_GOAL OF THE EXERCISE_. Using the entries below, copy exactly each line from the line with "到达终点后,跟随指引解开第一座聚流映灯。然后需要分别解开其他三座聚流映灯。" up to and including the line with "Para habilitar este", with every picture left out.

_GIVEN DATA_.
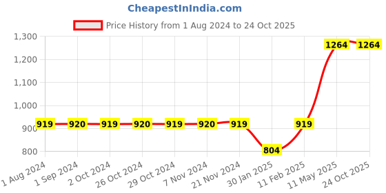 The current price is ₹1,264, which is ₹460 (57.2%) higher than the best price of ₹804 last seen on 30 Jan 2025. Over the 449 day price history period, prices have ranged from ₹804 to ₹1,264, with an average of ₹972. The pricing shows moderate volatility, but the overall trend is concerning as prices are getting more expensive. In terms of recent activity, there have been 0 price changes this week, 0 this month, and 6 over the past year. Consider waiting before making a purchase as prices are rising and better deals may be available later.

---

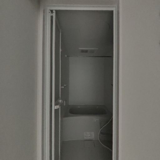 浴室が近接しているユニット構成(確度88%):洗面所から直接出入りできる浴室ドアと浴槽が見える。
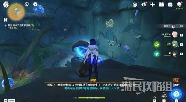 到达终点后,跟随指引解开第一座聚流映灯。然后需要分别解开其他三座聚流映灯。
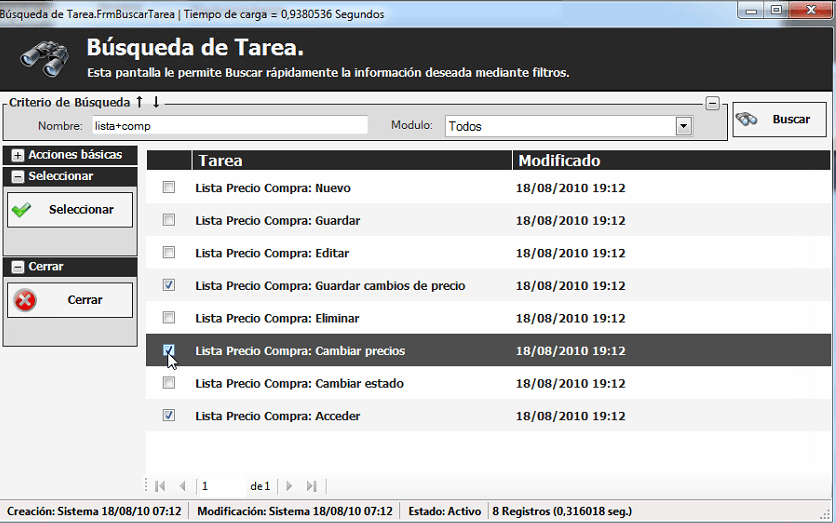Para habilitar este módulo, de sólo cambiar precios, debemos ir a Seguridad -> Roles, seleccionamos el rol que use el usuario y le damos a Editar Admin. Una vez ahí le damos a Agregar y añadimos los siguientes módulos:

_RESULT OF THE EXERCISE_.
 到达终点后,跟随指引解开第一座聚流映灯。然后需要分别解开其他三座聚流映灯。
Para habilitar este módulo, de sólo cambiar precios, debemos ir a Seguridad -> Roles, seleccionamos el rol que use el usuario y le damos a Editar Admin. Una vez ahí le damos a Agregar y añadimos los siguientes módulos:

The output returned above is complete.